Task inputs.

+--

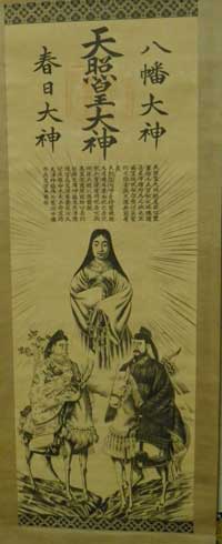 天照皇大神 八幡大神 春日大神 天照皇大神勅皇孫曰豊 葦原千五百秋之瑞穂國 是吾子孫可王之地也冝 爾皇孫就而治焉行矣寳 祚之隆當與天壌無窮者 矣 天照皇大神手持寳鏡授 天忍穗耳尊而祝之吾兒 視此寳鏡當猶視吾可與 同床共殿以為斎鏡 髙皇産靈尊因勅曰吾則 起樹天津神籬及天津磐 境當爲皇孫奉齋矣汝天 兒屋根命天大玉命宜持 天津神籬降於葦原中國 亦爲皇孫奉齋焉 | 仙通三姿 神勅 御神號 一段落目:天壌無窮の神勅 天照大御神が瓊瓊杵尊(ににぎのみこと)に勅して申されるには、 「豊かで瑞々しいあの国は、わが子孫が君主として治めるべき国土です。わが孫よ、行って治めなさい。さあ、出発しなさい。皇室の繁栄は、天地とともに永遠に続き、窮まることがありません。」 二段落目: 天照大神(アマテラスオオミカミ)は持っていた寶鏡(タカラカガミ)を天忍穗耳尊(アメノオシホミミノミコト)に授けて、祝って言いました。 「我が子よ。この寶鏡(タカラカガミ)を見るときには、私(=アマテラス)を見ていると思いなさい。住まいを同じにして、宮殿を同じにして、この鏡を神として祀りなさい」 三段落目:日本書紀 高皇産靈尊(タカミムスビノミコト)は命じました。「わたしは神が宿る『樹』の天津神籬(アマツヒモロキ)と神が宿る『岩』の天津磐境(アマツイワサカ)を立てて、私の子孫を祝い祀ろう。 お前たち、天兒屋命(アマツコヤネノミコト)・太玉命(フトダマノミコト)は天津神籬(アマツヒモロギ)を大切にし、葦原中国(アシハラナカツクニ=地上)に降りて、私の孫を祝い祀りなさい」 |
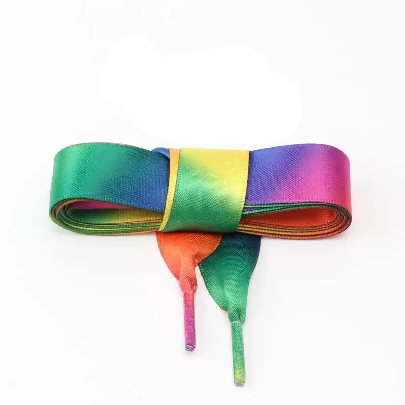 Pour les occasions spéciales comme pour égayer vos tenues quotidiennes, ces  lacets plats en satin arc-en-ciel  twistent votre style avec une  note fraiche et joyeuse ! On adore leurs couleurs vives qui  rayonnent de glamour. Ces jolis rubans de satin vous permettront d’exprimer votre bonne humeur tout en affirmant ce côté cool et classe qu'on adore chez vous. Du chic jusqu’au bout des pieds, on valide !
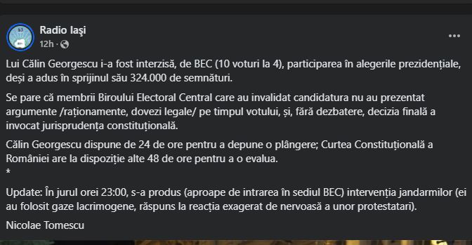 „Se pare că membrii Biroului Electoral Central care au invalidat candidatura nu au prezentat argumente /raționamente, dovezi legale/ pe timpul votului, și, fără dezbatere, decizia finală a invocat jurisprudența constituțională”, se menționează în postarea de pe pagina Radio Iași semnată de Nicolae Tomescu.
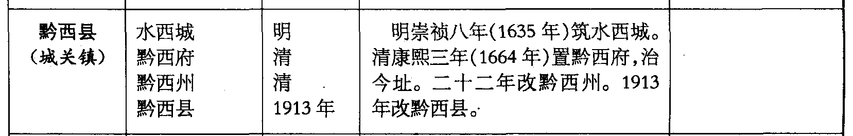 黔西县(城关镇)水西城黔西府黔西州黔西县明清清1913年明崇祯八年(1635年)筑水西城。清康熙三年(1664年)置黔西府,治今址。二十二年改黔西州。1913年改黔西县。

+--

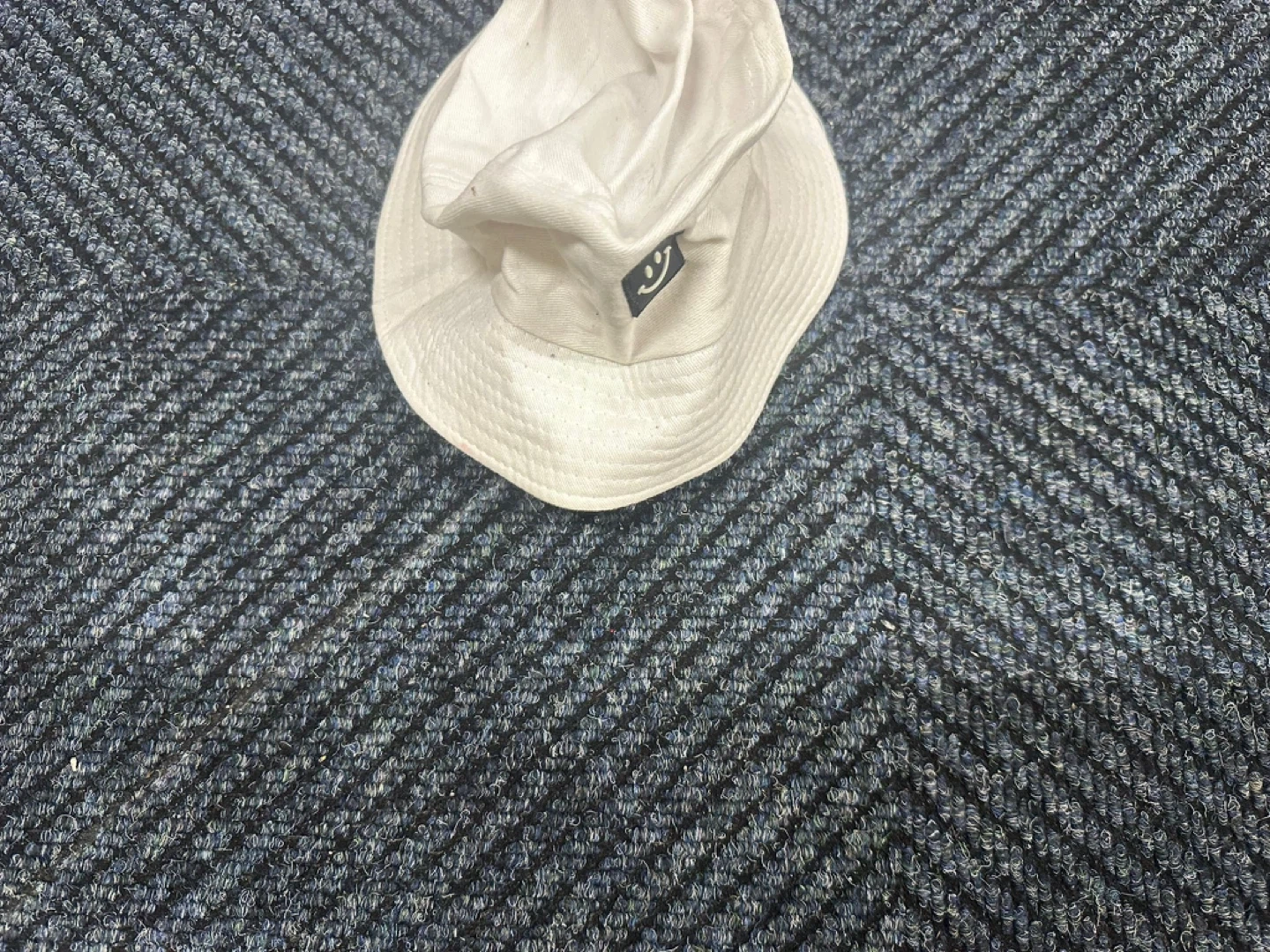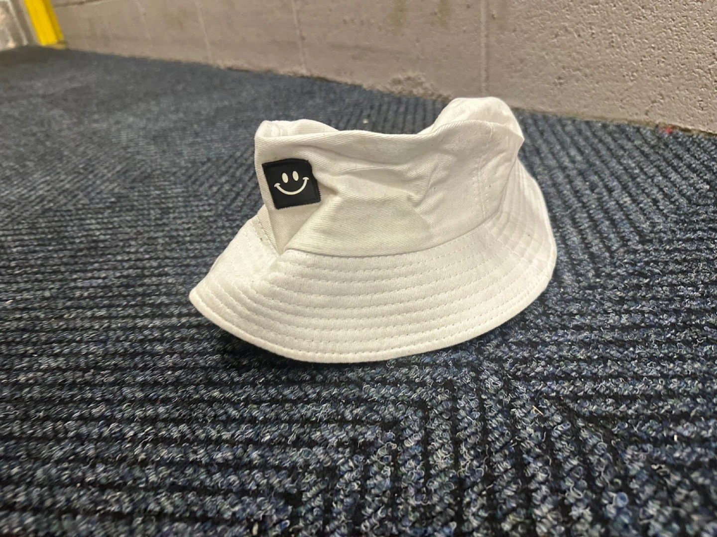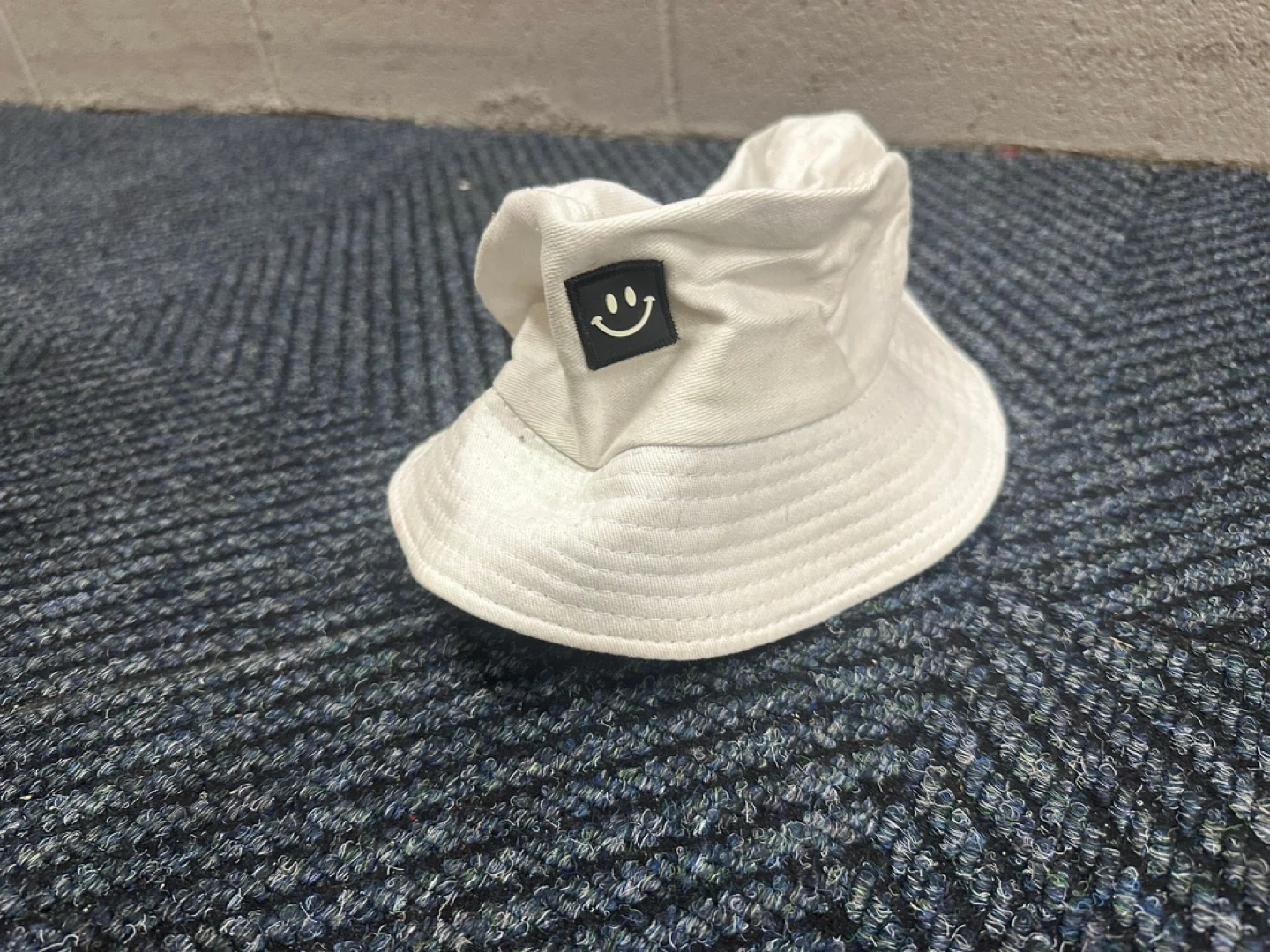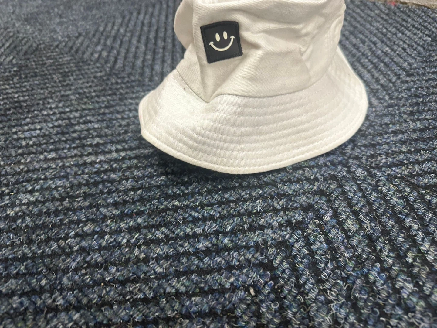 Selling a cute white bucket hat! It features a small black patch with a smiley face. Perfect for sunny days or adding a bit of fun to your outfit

+--

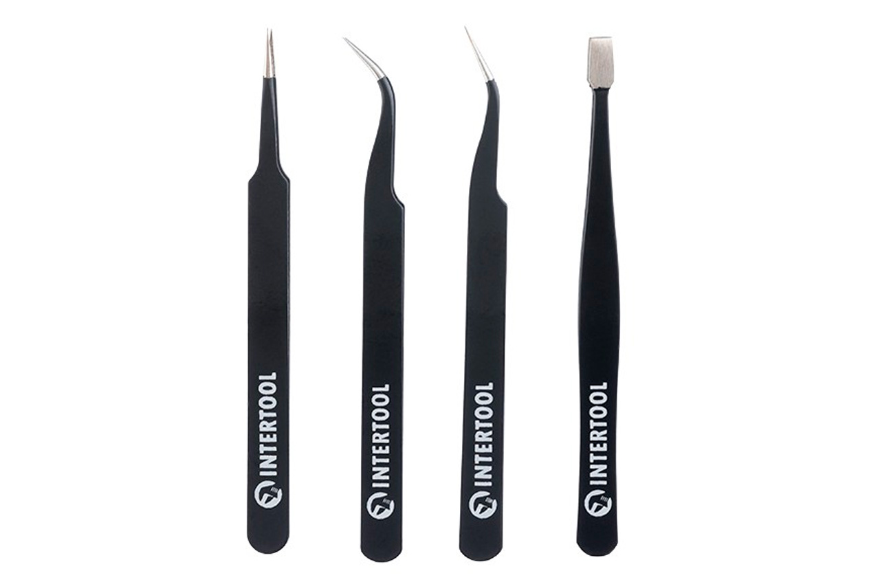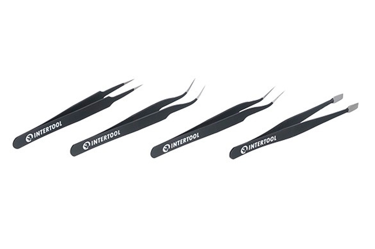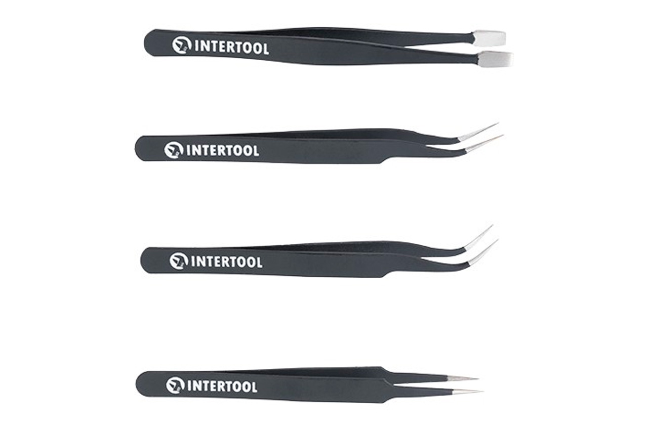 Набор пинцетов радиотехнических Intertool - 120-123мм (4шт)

+--

The problem. Return exactly the stretch above whose first line contains "Pour les occasions" and whose last line contains "黔西县(城关镇)水西城黔西府", and nothing outside it. The pictures should not appear.

Exercise output.
 Pour les occasions spéciales comme pour égayer vos tenues quotidiennes, ces  lacets plats en satin arc-en-ciel  twistent votre style avec une  note fraiche et joyeuse ! On adore leurs couleurs vives qui  rayonnent de glamour. Ces jolis rubans de satin vous permettront d’exprimer votre bonne humeur tout en affirmant ce côté cool et classe qu'on adore chez vous. Du chic jusqu’au bout des pieds, on valide !
 „Se pare că membrii Biroului Electoral Central care au invalidat candidatura nu au prezentat argumente /raționamente, dovezi legale/ pe timpul votului, și, fără dezbatere, decizia finală a invocat jurisprudența constituțională”, se menționează în postarea de pe pagina Radio Iași semnată de Nicolae Tomescu.
 黔西县(城关镇)水西城黔西府黔西州黔西县明清清1913年明崇祯八年(1635年)筑水西城。清康熙三年(1664年)置黔西府,治今址。二十二年改黔西州。1913年改黔西县。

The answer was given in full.